ENTRIES SHOWN
►
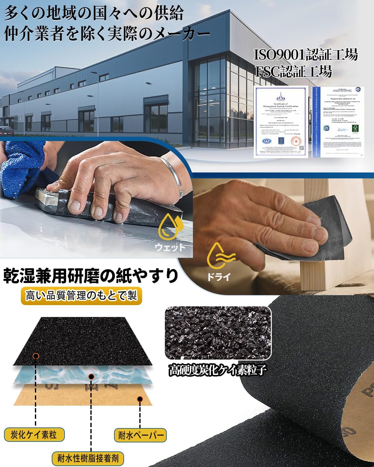 STEBREAM 紙やすり サンドペーパー 93x230mm 14枚 7000番 耐水ペーパー 紙ヤスリ 自動車用研磨 金属 壁 木製家具 耐水ヤスリ
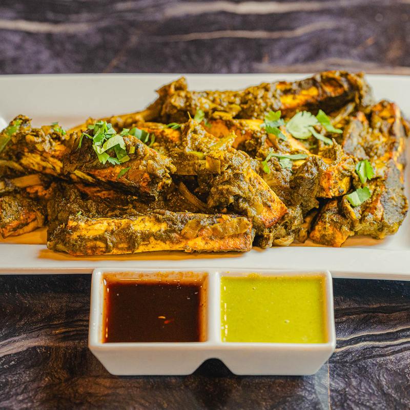 Indian cottage cheese marinated in a vibrant green paste of coriander mint and spices and cook in tandoor.
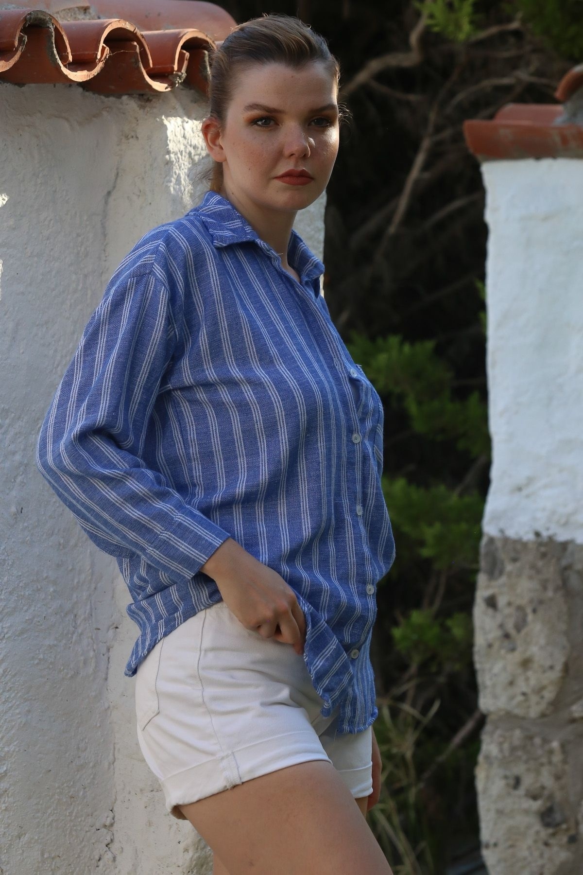 Mavi Gömlek Yaka Uzun Kol Çizgili Düğmeli Yıkamalı Casual Dokuma Gömlek 70 56 Mavi Gömlek Yaka Uzun Kol Çizgili Düğmeli Yıkamalı Casual Dokuma Gömlek 70 56 M10010400GM98878 XL
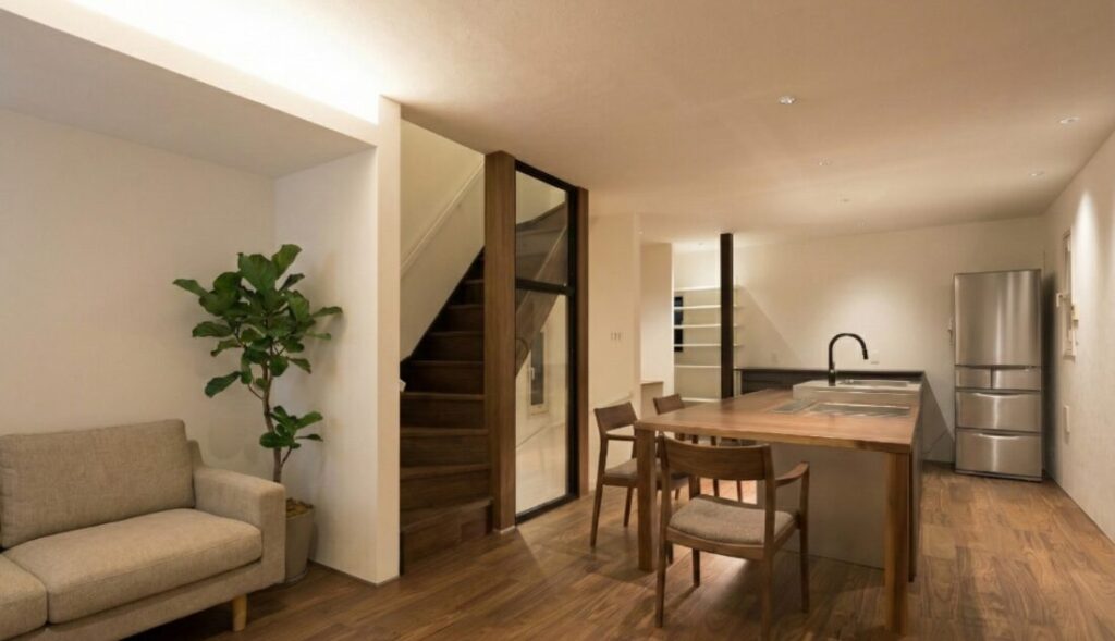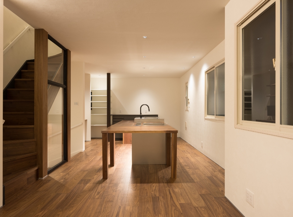 キッチンを真ん中に据えた都内の狭小住宅
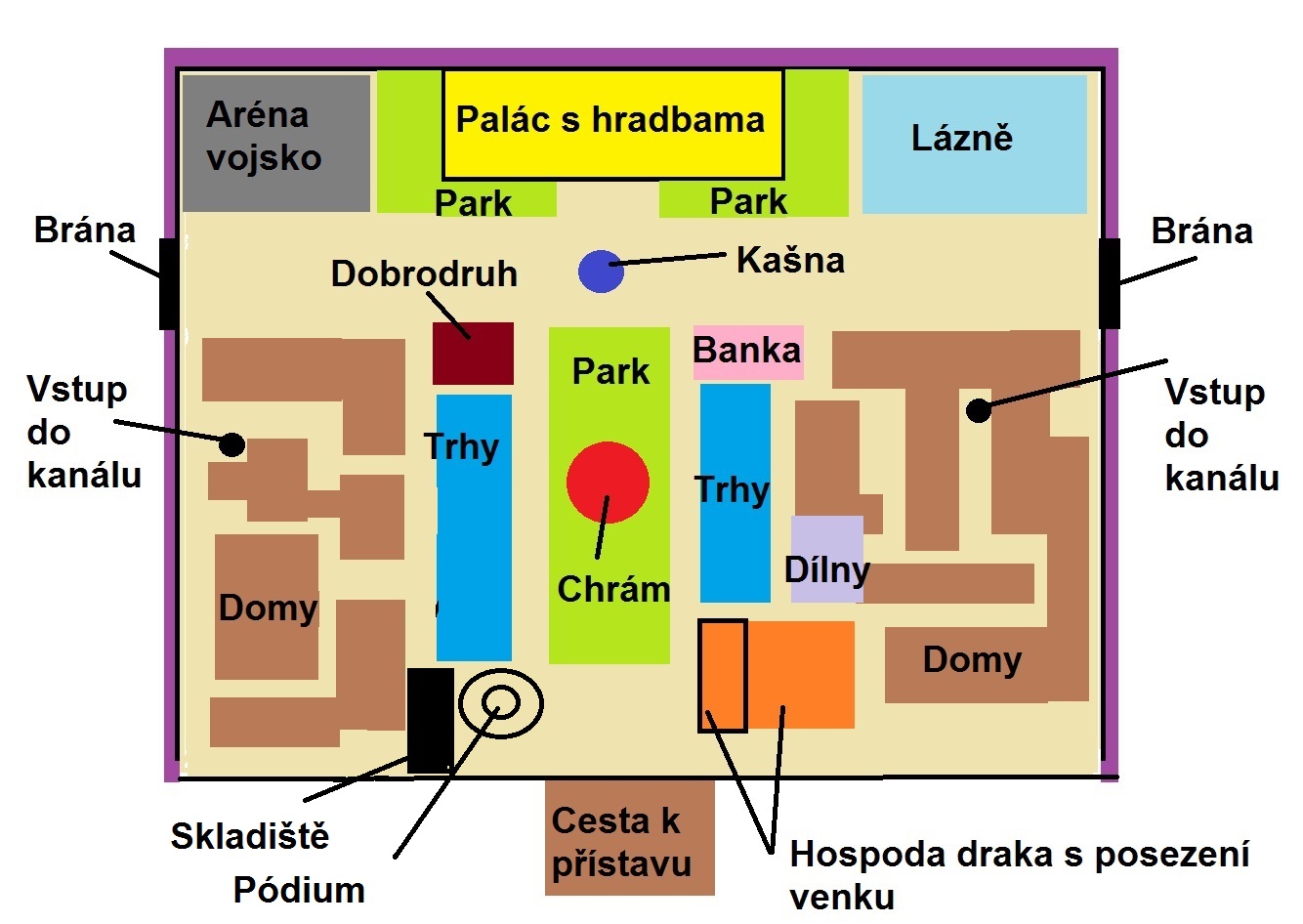 Kolem pak různé domy se zákoutími pro nelegální věcičky se vstupem do kanálů, kde by mohly být stanoviště pro učitele vrahů, heteriků, a tak dále. Taky by kanály mohly být cíl pro expení low lvlů 2-5lvl (krysy a spol)
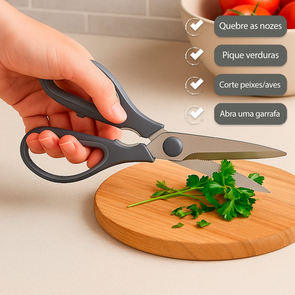 Tesoura de Cozinha 4 em 1 com Capa | Corta Aves, Verduras, Abre Garrafa | Inox Resistente
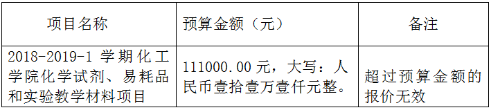 2018-2019-1学期化工学院化学试剂、易耗品和实验教学材料项目竞争性谈判公告
◄
DESCRIPTION OF THE TASK
Please transcribe all of the entries exactly and omit any picture they hold.

EXERCISE RESPONSE
 STEBREAM 紙やすり サンドペーパー 93x230mm 14枚 7000番 耐水ペーパー 紙ヤスリ 自動車用研磨 金属 壁 木製家具 耐水ヤスリ
 Indian cottage cheese marinated in a vibrant green paste of coriander mint and spices and cook in tandoor.
 Mavi Gömlek Yaka Uzun Kol Çizgili Düğmeli Yıkamalı Casual Dokuma Gömlek 70 56 Mavi Gömlek Yaka Uzun Kol Çizgili Düğmeli Yıkamalı Casual Dokuma Gömlek 70 56 M10010400GM98878 XL
 キッチンを真ん中に据えた都内の狭小住宅
 Kolem pak různé domy se zákoutími pro nelegální věcičky se vstupem do kanálů, kde by mohly být stanoviště pro učitele vrahů, heteriků, a tak dále. Taky by kanály mohly být cíl pro expení low lvlů 2-5lvl (krysy a spol)
 Tesoura de Cozinha 4 em 1 com Capa | Corta Aves, Verduras, Abre Garrafa | Inox Resistente
 2018-2019-1学期化工学院化学试剂、易耗品和实验教学材料项目竞争性谈判公告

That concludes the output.